Não é incomum encontrarmos artigos científicos ou de opinião sobre o assunto, e a conclusão costuma ser a mesma: a cultura asiática, especialmente do sudeste asiático, seria uma cultura de massacre mental. Embora haja um quê de verdade nisso, discordo frontalmente dessa explicação como fator principal. Os estudiosos, por vezes, não enxergam a realidade mais ampla — ou temem atribuir a culpa a fatores que não sejam puramente culturais.
O Japão é um caso emblemático. Durante mais da metade do século XIX, era quase literalmente um país medieval: dividido em domínios semelhantes aos feudos da Alta Idade Média europeia, com uma população ruralizada e organizada em estamentos. Parece inacreditável que, em apenas 40 anos, essa nação rivalizasse com o Império Russo e, poucas décadas depois, ousasse bombardear Pearl Harbor. Mesmo após ser atingido por duas bombas atômicas, o país alcançou, em cerca de um século, altíssimos índices de desenvolvimento econômico.

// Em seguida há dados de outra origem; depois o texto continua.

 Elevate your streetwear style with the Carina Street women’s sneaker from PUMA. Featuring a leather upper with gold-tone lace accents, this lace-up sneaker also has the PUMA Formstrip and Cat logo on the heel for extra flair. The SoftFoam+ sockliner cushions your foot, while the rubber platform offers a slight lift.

Se o estudioso se ativer apenas a esses números, sem olhar além das estatísticas, é fácil se impressionar positivamente. Mas a modernização japonesa também produziu exclusão, deslocamento e solidão.
Yasujiro Ozu e a Estética da Perda


Alguns artistas japoneses do pós-guerra já alertavam para essa outra perspectiva. Yasujiro Ozu, cineasta consagrado que serviu duas vezes no exército imperial, deixou suas preocupações bem claras em suas obras: Tóquio, a cidade moderna, veloz e lotada de “não-lugares”, já não possuía espaço para os rejeitados da modernidade.

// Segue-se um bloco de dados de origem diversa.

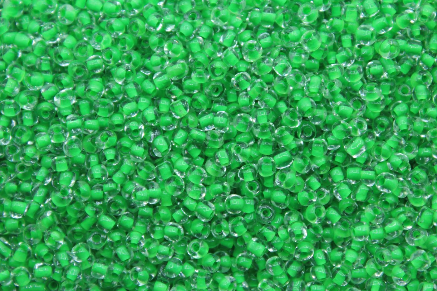 8/0 – Green Colourlined – Price per gram. Size 8/0 – approx 3mm. Glass beads. Approx 30 – 35 beads per gram.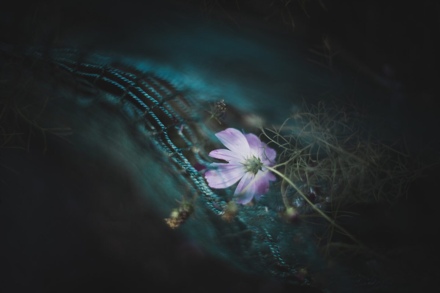 ゴミ捨て場のネットの中に一輪のコスモス。こんな場所だからこそ美しく感じられることが、写真を撮り続ける大事な要素なのだと思う。花の背中のように見える場所から撮って愛らしさを表現し、周辺光量をかなり落とすことによって一輪を際立たせてみた。

Nas obras de Ozu, quase sempre está presente a figura do trem e da estação — novamente, domínios do não-lugar a que me referi na primeira parte deste ensaio. O trem que parte da cidade nos leva a outro ambiente — talvez mais próximo do Japão anterior à abertura ao Ocidente. Um Japão menos brilhante, menos barulhento, mais calmo, mais monótono. Um Japão que, talvez, ainda resista nas cidades de montanha ou nos pequenos portos de pesca — lugares destinados a desaparecer, já que até lá os jovens são fisgados pela indústria cultural e acabam tentando a ilusão de “vencer na vida” na cidade grande.
O homem, afastado do seu lugar de origem, longe de suas tradições e da sua comunidade, lançado numa selva de concreto onde ninguém compreende seu dialeto — onde todos buscam um espaço onde poucos poderão estar — está fadado, em muitos casos, a pôr fim à própria vida.

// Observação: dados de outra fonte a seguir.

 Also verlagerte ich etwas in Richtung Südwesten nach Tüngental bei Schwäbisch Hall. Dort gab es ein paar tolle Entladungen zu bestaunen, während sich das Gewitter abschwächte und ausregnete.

E quem disse que estamos imunes a isso?
Talvez só demos cabo da nossa existência de outra maneira.
O Leste Asiático parece ser um laboratório do sistema capitalista — ou melhor, do mundo pós-capitalista. Jovens, concentrando seu trabalho nas áreas de serviço, acordam, tomam café da manhã na rua, passam horas no trem até chegar ao trabalho. Saem do trabalho, tomam outro trem, passam no supermercado, compram algo pronto pra jantar e dormem — até que a rotina se repita seis vezes por semana.
Parece algo comum à nossa realidade na periferia do capitalismo. A diferença é que, na Coreia do Sul e no Japão, à exceção do espaço de trabalho, tudo pode ser feito sem dizer uma única palavra. Não há interação social. Não há sequer um “bom dia” à caixa do supermercado — que já foi substituída por uma máquina de autoatendimento. Um fetiche da burguesia ocidental, que acredita ser esse o ápice do triunfo tecnológico.
Paul Virilio acerta ao afirmar que a tecnologia quebra nossa noção de realidade — as duas horas no trem nos deixam cansados o suficiente para simplesmente aceitarmos a realidade sem questioná-la. Os espaços foram colapsados e engolidos pela velocidade. Aquilo que poderia nos dar mais tempo, em nome da lógica de mercado, nos rouba o tempo.
Qualquer leitor atento já deve ter percebido, a esta altura, a razão da introspecção dos habitantes desses lugares — e, por consequência, as taxas de baixa natalidade.
A Neurociência da Comunidade Perdida
Lembro dos estudos de uma cientista chamada Joan Chiao e de seu campo chamado “neurociência cultural”: ela apontava que asiáticos são, biologicamente, mais propensos à depressão, mas que essa condição era, até certo ponto histórico, superada pela experiência coletiva de vida.
Gosto dos exemplos das praças chinesas: sempre há um grupo de idosos praticando atividades em grupo. Um colega de trabalho descreveu certa vez uma situação curiosa naquele país:
“Se você sentar em um banco, abrir um jornal e começar a ler, em cinco minutos alguém estará sentado ao seu lado, lendo o jornal com você. Em dez minutos, já haverá um intenso debate, pois várias pessoas começaram a se juntar para ler o seu jornal e já começam a emitir opiniões.”
Os japoneses não eram tão diferentes: atividades laborais, recreativas e religiosas sempre foram coletivas. Tudo isso foi severamente abalado pelo processo de industrialização.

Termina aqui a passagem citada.